Ein kleiner Schritt für einen Menschen, ein großer Sprung für die Menschheit – der Flug von Apollo 11 hat viele bekannte Zitate hervorgebracht. Dieser Satz von Neil Armstrong fasst den historischen Flug wohl immer noch am besten zusammen. Die Spuren auf dem Mond können wir uns leider nicht ansehen. Aber dafür hält das World Wide Web jede Menge interessantes Material bereit. Also habe ich mich ein bisschen umgesehen und zeige Euch hier ein paar Fundstücke.

Kein schnittiger Flitzer, dafür aber funktional: Die Apollo-11-Landefähre „Eagle“, aufgenommen aus dem Raumschiff „Columbia“. (#1)

Kein schnittiger Flitzer, dafür aber funktional: Die Apollo-11-Landefähre „Eagle“, aufgenommen aus dem Raumschiff „Columbia“. (#1)

Adam Young

Der Komponist Adam Young hat den Soundtrack zum größten Abenteuer der Menschheit geschrieben. Hier ist er zum Anhören und Herunterladen.

Houston, Tranquility Base here. Eagle has landed. Mit diesen Worten meldete Astronaut Neil Armstrong am 20. Juli 1969 die erfolgreiche erste Landung auf dem Mond.

Vier Tage vorher, am 16. Juli, waren die drei Astronauten Neil Armstrong, Edwin „Buzz“ Aldrin und Michael Collins an der Spitze einer Saturn V-Trägerrakete zum Mond gestartet.

Die Apollo-Flüge vor Apollo 11

Nachdem Apollo 9 das Tandem aus Apollo-Raumschiff und Landefähre in der Erdumlaufbahn getestet hatte und Apollo 10 erstmals den Mond umrundet hatte, war die Aufgabe von Apollo 11 nun die eigentliche Mondlandung. Michael Collins blieb im Raumschiff Columbia zurück und führte eine photographische Erkundung der Mondoberfläche durch. Armstrong und Aldrin dagegen landeten mit der Landefähre Eagle im Mare Trinquilitatis, dem Meer der Stille.

Die Besatzung von Apollo 11: (von links) Neil Armstrong, Michael Collins und Edwin 'Buzz' Aldrin. (#5)

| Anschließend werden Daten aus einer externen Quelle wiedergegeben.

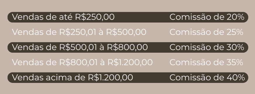 Comissões que crescem junto com você

Die Besatzung von Apollo 11: (von links) Neil Armstrong, Michael Collins und Edwin ‚Buzz‘ Aldrin. (#5)

Das Mondflug-Gespann bestand eigentlich aus vier Komponenten. Columbia bestand aus dem Servicemodul mit Triebwerk, Lebenserhaltung, Energiezellen und Kommunikation, und der Rückkehrkapsel, die schließlich die Astronauten sicher zur Erde zurück bringen sollte. Eagle, die Landefähre, war ebenfalls zweistufig. In der Unterstufe befanden sich das Triebwerk für die Landung sowie die spinnenartigen Landebeine. Die Oberstufe, in der die Besatzung untergebracht war, hatte ein eigenes Triebwerk für den Rückflug zur Columbia in der Mondumlaufbahn. Die Unterstufe blieb auf dem Mond zurück, die Oberstufe wurde nach der Rückkehr der beiden Astronauten in den Mondorbit ebenfalls zurückgelassen.

Im Anflug auf das Meer der Stille

Start von Apollo 11 an der Spitze einer 110 Meter langen Saturn V-Rakete. Das Raumschiff mit den drei Astronauten saß an der Spitze, direkt darunter hinter einer aufklappbaren Verkleidung die eigentliche Mondfähre.  (#6)

Start von Apollo 11 an der Spitze einer 110 Meter langen Saturn V-Rakete. Das Raumschiff mit den drei Astronauten saß an der Spitze, direkt darunter hinter einer aufklappbaren Verkleidung die eigentliche Mondfähre. (#6)

Ganz dicht ans Erlebnis des Landeanflugs bringt einen diese Online-Präsentation mit Originalaufnahmen und Audios. Wer will, kann hier den Anflug der Apollo 11-Landefähre „Eagle“ hier Minute für Minute nacherleben. Filmaufnahmen zeigen, was Neil Armstrong und Edwin Aldrin aus den Fenstern der Fähre sehen konnten. Im Audio ist der Funkverkehr zwischen der Apollo-Besatzung und der NASA-Zentrale in Houston zu hören.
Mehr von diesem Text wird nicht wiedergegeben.